Task item |
Retype the records below exactly as they appear, but leave out any pictures.

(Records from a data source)
● ● ● ●
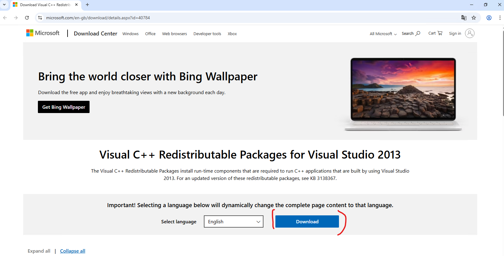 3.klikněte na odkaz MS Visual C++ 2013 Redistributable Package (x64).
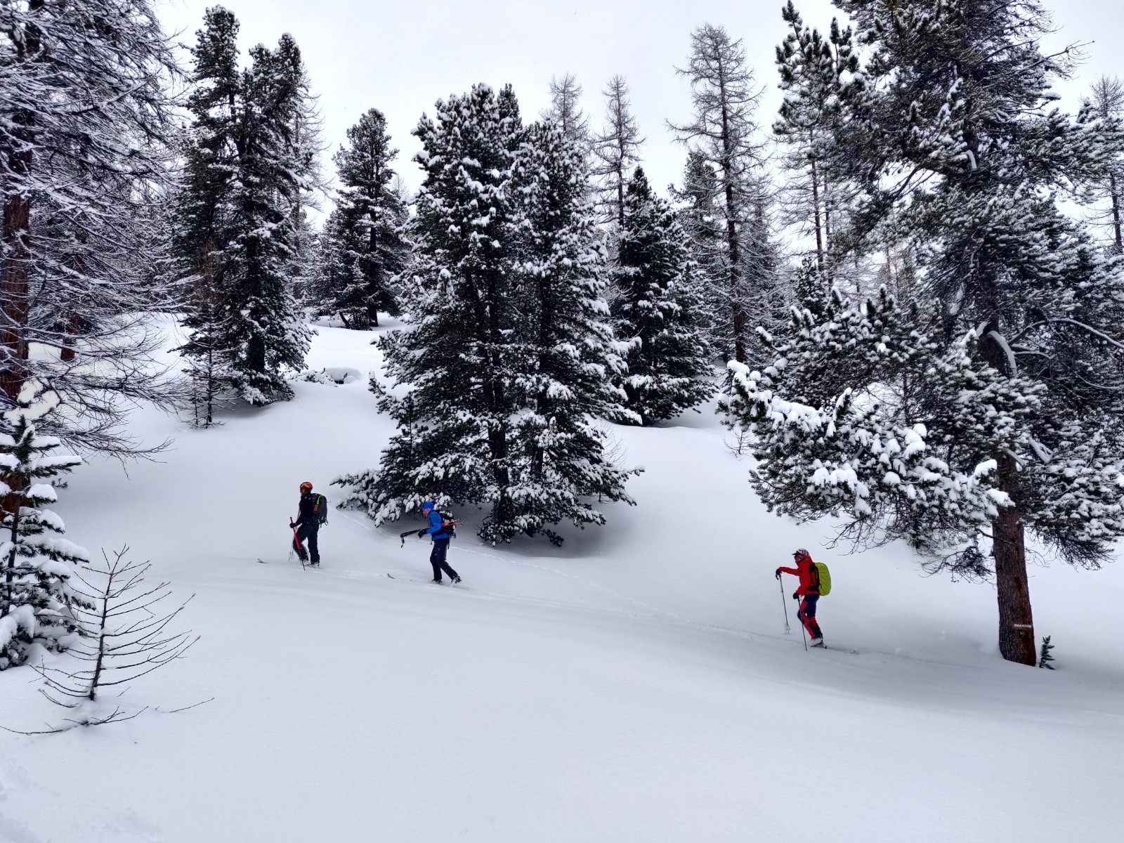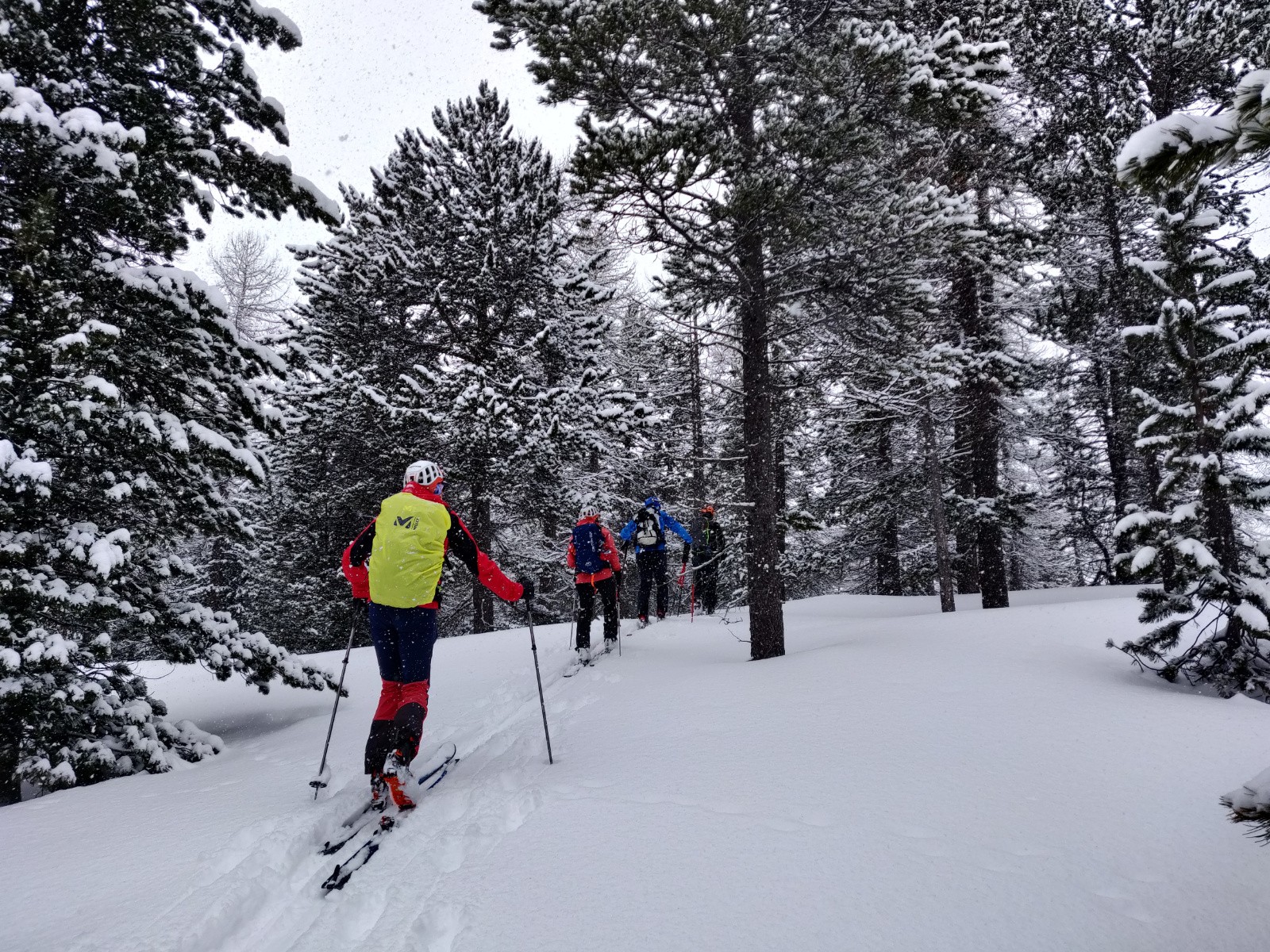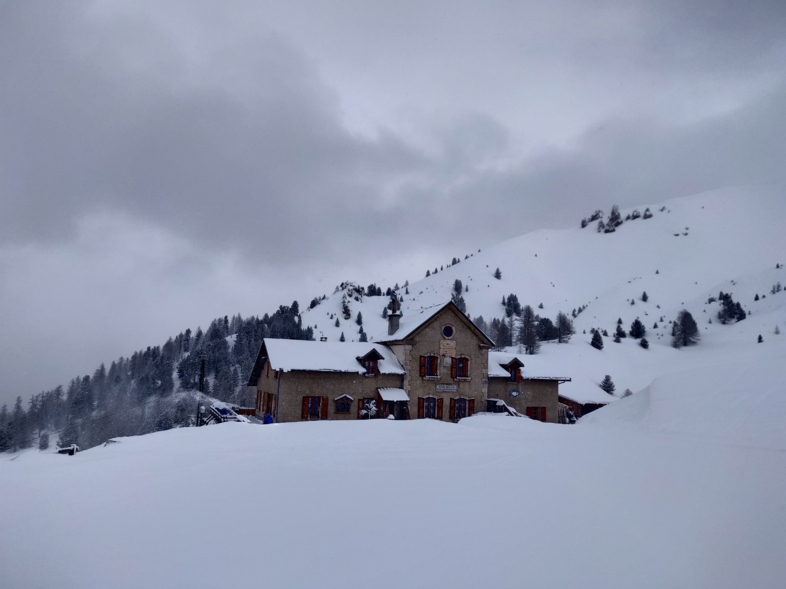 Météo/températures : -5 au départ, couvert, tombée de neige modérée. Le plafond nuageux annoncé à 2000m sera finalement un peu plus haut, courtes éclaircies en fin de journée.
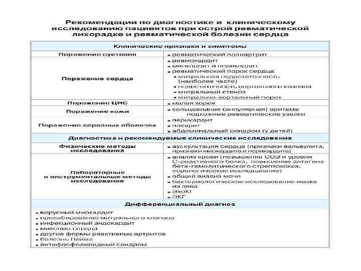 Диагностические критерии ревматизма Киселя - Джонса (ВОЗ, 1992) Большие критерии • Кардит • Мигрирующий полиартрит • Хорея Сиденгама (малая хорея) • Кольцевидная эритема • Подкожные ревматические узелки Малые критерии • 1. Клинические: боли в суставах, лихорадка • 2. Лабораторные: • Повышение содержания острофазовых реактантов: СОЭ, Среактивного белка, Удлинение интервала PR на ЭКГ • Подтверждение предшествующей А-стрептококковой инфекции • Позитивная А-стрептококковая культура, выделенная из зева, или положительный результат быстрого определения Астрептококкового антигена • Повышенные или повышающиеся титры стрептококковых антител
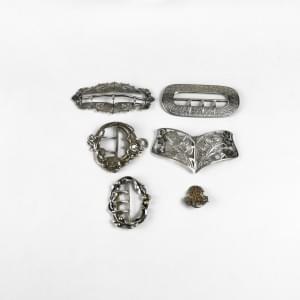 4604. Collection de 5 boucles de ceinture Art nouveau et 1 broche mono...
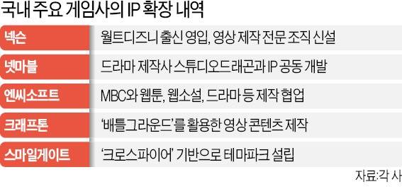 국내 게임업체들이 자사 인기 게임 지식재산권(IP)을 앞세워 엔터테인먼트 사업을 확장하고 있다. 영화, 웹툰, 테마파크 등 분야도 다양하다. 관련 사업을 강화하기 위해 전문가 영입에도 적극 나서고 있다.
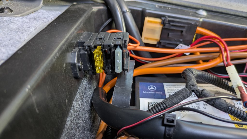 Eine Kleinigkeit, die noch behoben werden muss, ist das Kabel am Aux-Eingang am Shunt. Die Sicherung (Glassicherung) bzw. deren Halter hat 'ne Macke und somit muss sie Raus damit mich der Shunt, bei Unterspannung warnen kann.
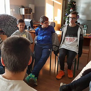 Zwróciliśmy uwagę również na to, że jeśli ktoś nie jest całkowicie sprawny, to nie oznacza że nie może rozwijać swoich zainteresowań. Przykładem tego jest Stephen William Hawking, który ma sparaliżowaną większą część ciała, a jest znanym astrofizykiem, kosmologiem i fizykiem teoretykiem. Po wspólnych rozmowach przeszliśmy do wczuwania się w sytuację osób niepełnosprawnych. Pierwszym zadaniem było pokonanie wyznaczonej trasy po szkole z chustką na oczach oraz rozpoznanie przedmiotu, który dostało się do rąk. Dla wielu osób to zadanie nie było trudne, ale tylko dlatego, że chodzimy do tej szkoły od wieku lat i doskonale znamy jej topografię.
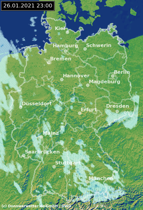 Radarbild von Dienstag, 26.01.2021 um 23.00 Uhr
● ● ● ●
Task output |
 3.klikněte na odkaz MS Visual C++ 2013 Redistributable Package (x64).
 Météo/températures : -5 au départ, couvert, tombée de neige modérée. Le plafond nuageux annoncé à 2000m sera finalement un peu plus haut, courtes éclaircies en fin de journée.
 Диагностические критерии ревматизма Киселя - Джонса (ВОЗ, 1992) Большие критерии • Кардит • Мигрирующий полиартрит • Хорея Сиденгама (малая хорея) • Кольцевидная эритема • Подкожные ревматические узелки Малые критерии • 1. Клинические: боли в суставах, лихорадка • 2. Лабораторные: • Повышение содержания острофазовых реактантов: СОЭ, Среактивного белка, Удлинение интервала PR на ЭКГ • Подтверждение предшествующей А-стрептококковой инфекции • Позитивная А-стрептококковая культура, выделенная из зева, или положительный результат быстрого определения Астрептококкового антигена • Повышенные или повышающиеся титры стрептококковых антител
 4604. Collection de 5 boucles de ceinture Art nouveau et 1 broche mono...
 국내 게임업체들이 자사 인기 게임 지식재산권(IP)을 앞세워 엔터테인먼트 사업을 확장하고 있다. 영화, 웹툰, 테마파크 등 분야도 다양하다. 관련 사업을 강화하기 위해 전문가 영입에도 적극 나서고 있다.
 Eine Kleinigkeit, die noch behoben werden muss, ist das Kabel am Aux-Eingang am Shunt. Die Sicherung (Glassicherung) bzw. deren Halter hat 'ne Macke und somit muss sie Raus damit mich der Shunt, bei Unterspannung warnen kann.
 Zwróciliśmy uwagę również na to, że jeśli ktoś nie jest całkowicie sprawny, to nie oznacza że nie może rozwijać swoich zainteresowań. Przykładem tego jest Stephen William Hawking, który ma sparaliżowaną większą część ciała, a jest znanym astrofizykiem, kosmologiem i fizykiem teoretykiem. Po wspólnych rozmowach przeszliśmy do wczuwania się w sytuację osób niepełnosprawnych. Pierwszym zadaniem było pokonanie wyznaczonej trasy po szkole z chustką na oczach oraz rozpoznanie przedmiotu, który dostało się do rąk. Dla wielu osób to zadanie nie było trudne, ale tylko dlatego, że chodzimy do tej szkoły od wieku lat i doskonale znamy jej topografię.
 Radarbild von Dienstag, 26.01.2021 um 23.00 Uhr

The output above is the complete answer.